I tried to get comfortable in bed the other day and my baby had other plans. I went to pull myself over and turn and once I did I felt the craziest pain. I don't know if it was the head or the butt or an arm but it was poking out so much it hurt. I vowed to myself to be more careful next time because it was not a good feeling. I love to watch my tummy jump and move as my child gets into any position it dang well chooses. Someone asked me If I talked to my baby and I said no, I only said no because I thought It was a stupid question. If you know me then you know I talk to my child and pray for my child and even rub my belly to somehow bond and transfer some love to my child... Do I talk to my child, funny question. If you don't know that I do then it is safe to assume you don't know much about me.
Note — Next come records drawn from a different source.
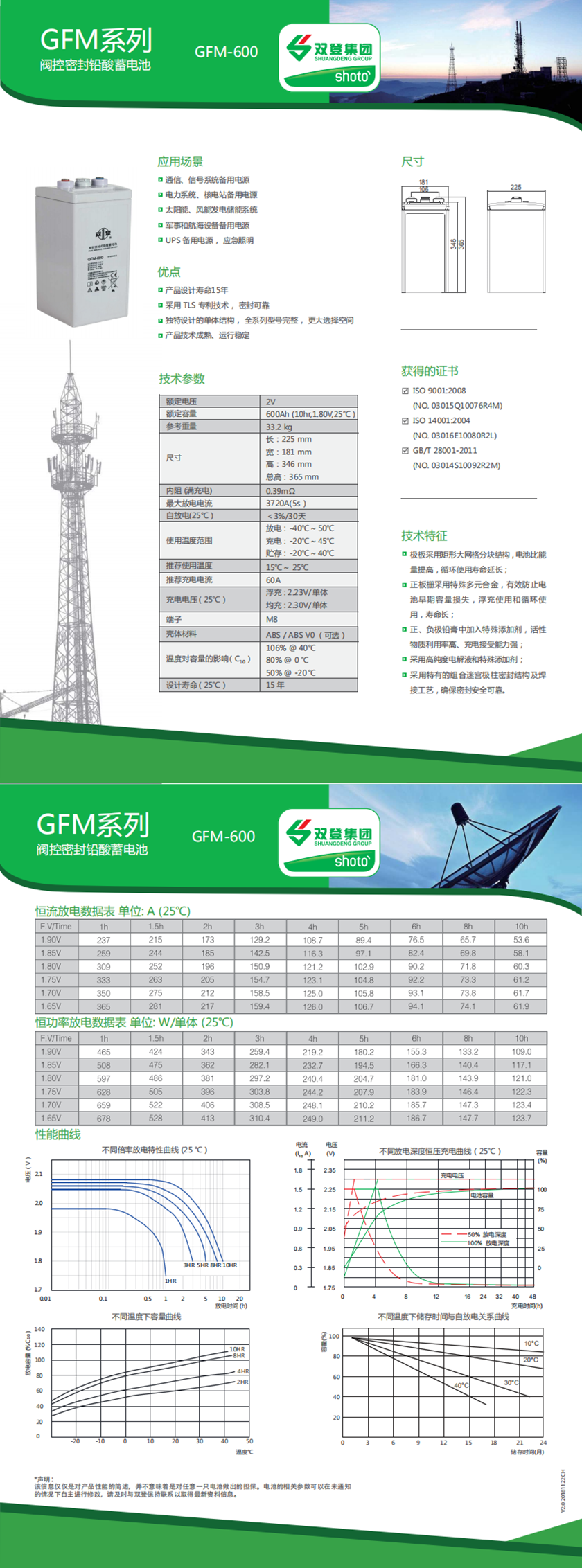 正板栅采用特殊多元合金,有效的防止了电池早期容量损失,浮充使用和循环使用,寿命长
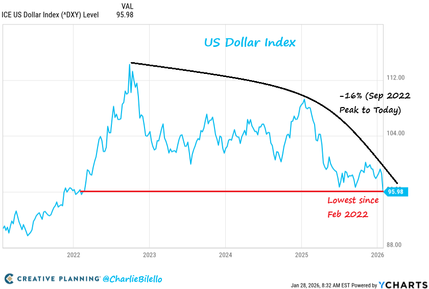 The precious metals – especially silver – have gotten overly extended to the upside while the dollar seems due for a countertrend rally. SLV closed 144% above its 200 day moving average on Wednesday as massive amounts of funds flow into the ETF. The dollar – on the other hand – is the most oversold since 2007 by one measure and at its lowest level since February 2022. To be clear, I am bullish on silver and bearish on the dollar longer term. But in the short term, I’m betting on a countertrend move.
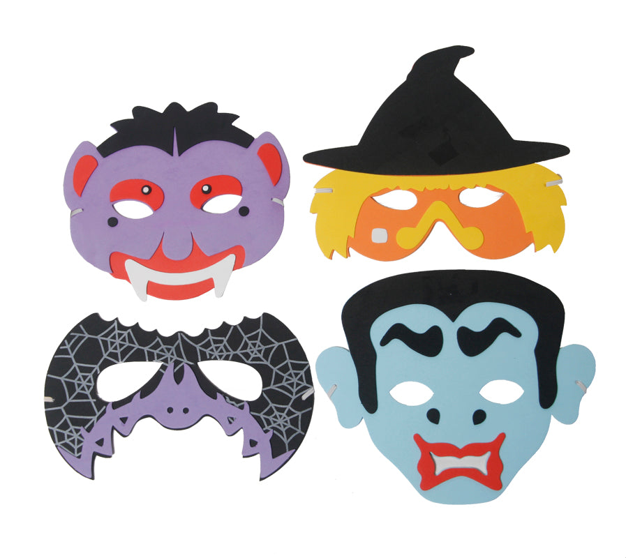 These colourful masks are ideal Halloween party favours or fancy dress accessories. Elasticated band for easy and comfortable wear. 4 assorted designs.
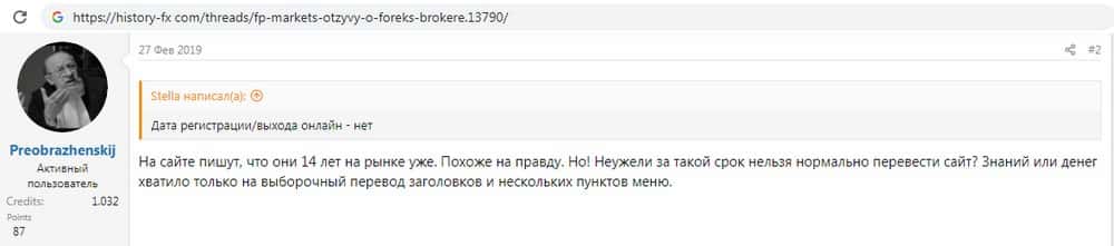 Фальшивый брокер ФП Маркетс вызывает сомнения пользователей
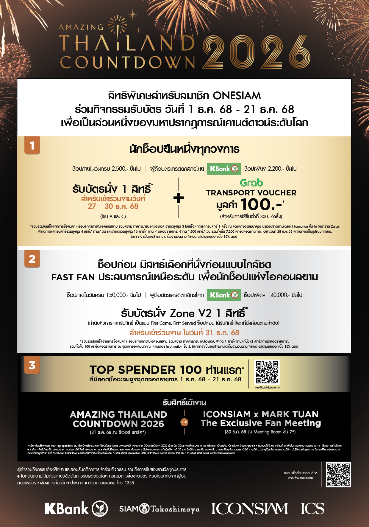 ทั้งนี้แคมเปญ AMAZING THAILAND COUNTDOWN 2026 มอบสิทธิพิเศษสำหรับลูกค้าไอคอนสยามและธนาคารกสิกรไทย ผู้เป็นสมาชิก ONESIAM รับสิทธิ์ร่วมโมเมนต์ระดับโลกในงาน Amazing Thailand Countdown 2026 ฟรี! ผ่านการสะสมยอดใช้จ่ายในไอคอนสยาม, สยาม ทาคาชิมายะ และไอซีเอส ระหว่างวันที่ 1-21 ธันวาคม 2568 โดย
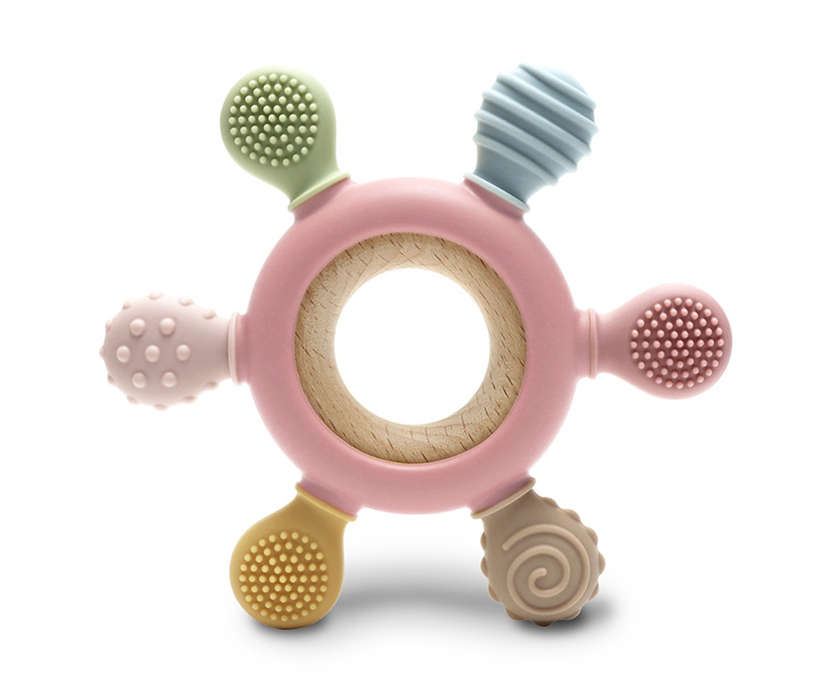 Изработена от силикон и букова дървесина. Перфектна за масажиране на нежните венци на бебето в периодa на растеж на млечните зъбки. Леснa за хващане.
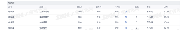 证券之星新能源车行业周报:据上海有色网,截止10月20日,电池级碳酸锂16.70- 17.80万元/吨,均价17.25万元/吨,环比上一工作日下滑0.1万元/吨;工业级碳酸锂16.0-16.7万元/吨,均价16.35万元/吨,环比上一工作日下滑0.1万元/吨。近期锂盐价格走势逐渐趋弱,整体看,当前产业链上下游的僵持行情仍在持续,下游实际需求低迷,对高价锂盐依旧持一种不备、不采的态度,市场整体零单成交较为清淡。而部分厂商在这种情况下,报价下行,市场重心逐步下行,锂盐价格转跌。
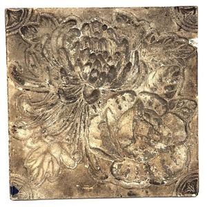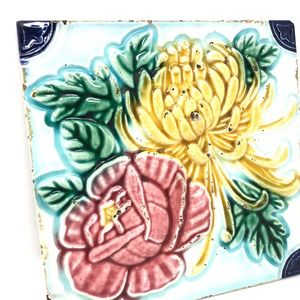 This wonderful vintage tile features colorful pink and yellow flowers with a filagree of leaves around them. This tile would look amazing in a kitchen or bathroom backsplash. There is some wear just around the edges and some on top of the flowers, but it's not bad at al and I believe it just adds to its beautiful vintage charm and appeal.
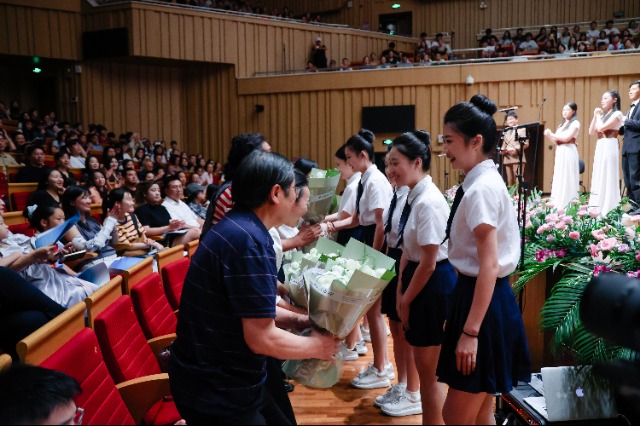 伴隨著天籟合唱團《感恩的心》的輕聲合唱,一場別致的致敬教師儀式溫情上演。作為特邀嘉賓出席的教師代表一一亮相,他們包括湖南省優(yōu)秀教師、湖南省最美教師、湖南省基礎教育名師名校長工作室負責人、湖南師大退休教師和師德標兵等。伴隨著動人的歌聲,青年學子向教師代表們獻上鮮花,全場觀眾也齊聲向老師們道一聲“老師好”,熱烈的掌聲在音樂廳內久久回蕩,向長期扎根三尺講臺、默默奉獻的老師們致以最誠摯的祝福。
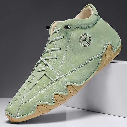 scarpe da ginnastica alte casual verdi da uomo in similpelle – scarpe con lacci leggere, traspiranti e cucite a mano per attività all'aperto
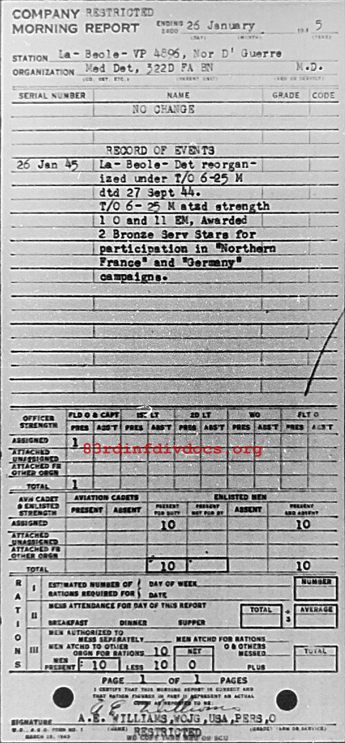 Det reorganized under T/O 6-25 M, dtd 27 Sep 44. T/O 6-25 atzd strenght 1 O and 11 EM. 2 Bronze Serv Stars awarded for participation in 'Northern France' and 'Germany' campaigns.
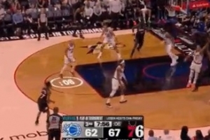 库里遭遇包夹倒地!美媒:他被干翻在地上 依然没有哨子啊

So far I have been trying to enjoy my summer with fun filled activates. I have surrounded myself with people who love me and know what it's like to relax and have a good time. I have been to Canaan Valley which I plan on going back to in August and VA beach my favorite place to play in the water. I have a NYC trip planned to visit my Auntie who is overjoyed about my pregnancy. I really want to go back to the beach again just once more. I love VA beach for some reason. I have to make the best of my summer and I have twice the excitement for next.

I have a tendency to say things at times that folks don’t get are a jokes, come on really can't you tell when I am being a smart butt. If we aint cool, what makes you think I am not going to be sarcastic with you.